● **Exercise objective**: Would it be possible to output exactly, and only, the lines below from the one holding "Встроенный аккумулятор емкостью" to the last line, both included, with every picture left out?

● **Collected material**:
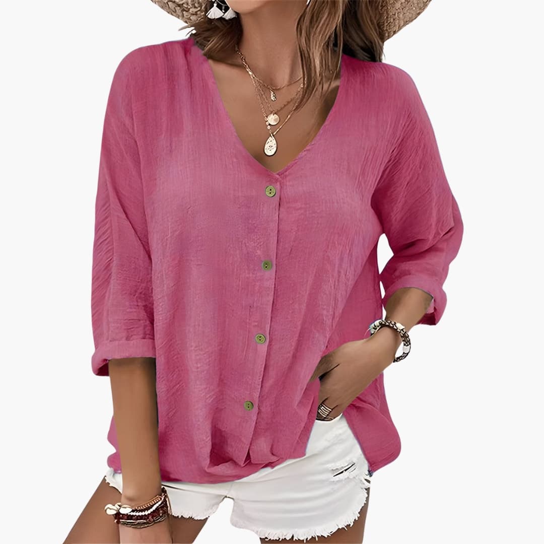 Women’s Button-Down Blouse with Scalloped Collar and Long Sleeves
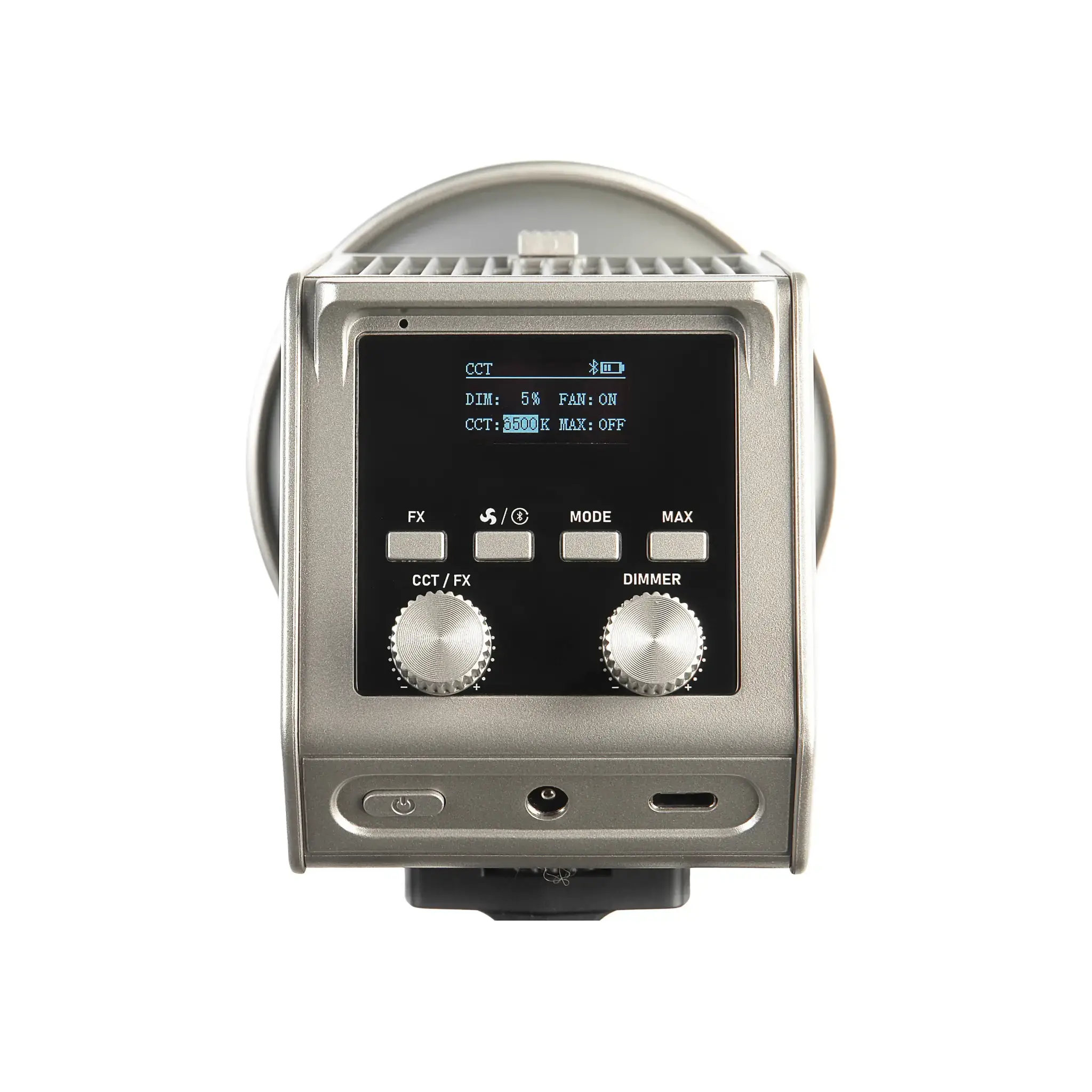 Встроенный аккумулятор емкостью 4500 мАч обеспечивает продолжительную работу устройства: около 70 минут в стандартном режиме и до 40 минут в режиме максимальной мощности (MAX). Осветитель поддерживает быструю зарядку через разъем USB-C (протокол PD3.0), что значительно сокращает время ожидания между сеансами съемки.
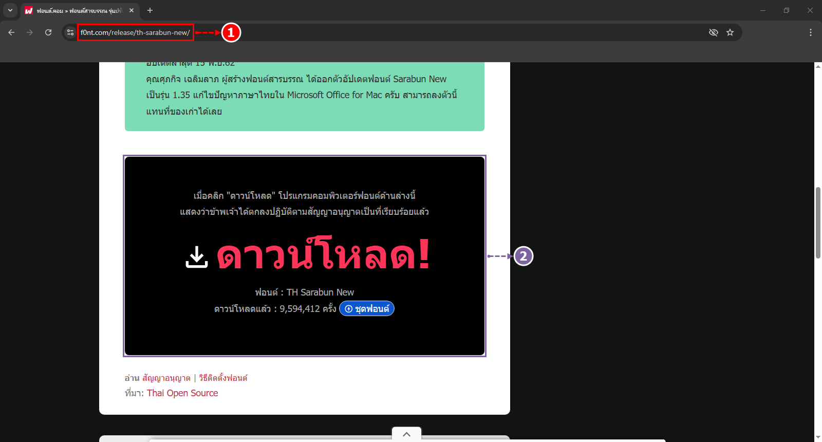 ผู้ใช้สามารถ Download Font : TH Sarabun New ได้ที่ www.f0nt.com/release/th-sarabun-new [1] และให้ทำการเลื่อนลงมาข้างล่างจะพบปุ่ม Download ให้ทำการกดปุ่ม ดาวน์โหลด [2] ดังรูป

● **Response for this exercise**:
 Встроенный аккумулятор емкостью 4500 мАч обеспечивает продолжительную работу устройства: около 70 минут в стандартном режиме и до 40 минут в режиме максимальной мощности (MAX). Осветитель поддерживает быструю зарядку через разъем USB-C (протокол PD3.0), что значительно сокращает время ожидания между сеансами съемки.
 ผู้ใช้สามารถ Download Font : TH Sarabun New ได้ที่ www.f0nt.com/release/th-sarabun-new [1] และให้ทำการเลื่อนลงมาข้างล่างจะพบปุ่ม Download ให้ทำการกดปุ่ม ดาวน์โหลด [2] ดังรูป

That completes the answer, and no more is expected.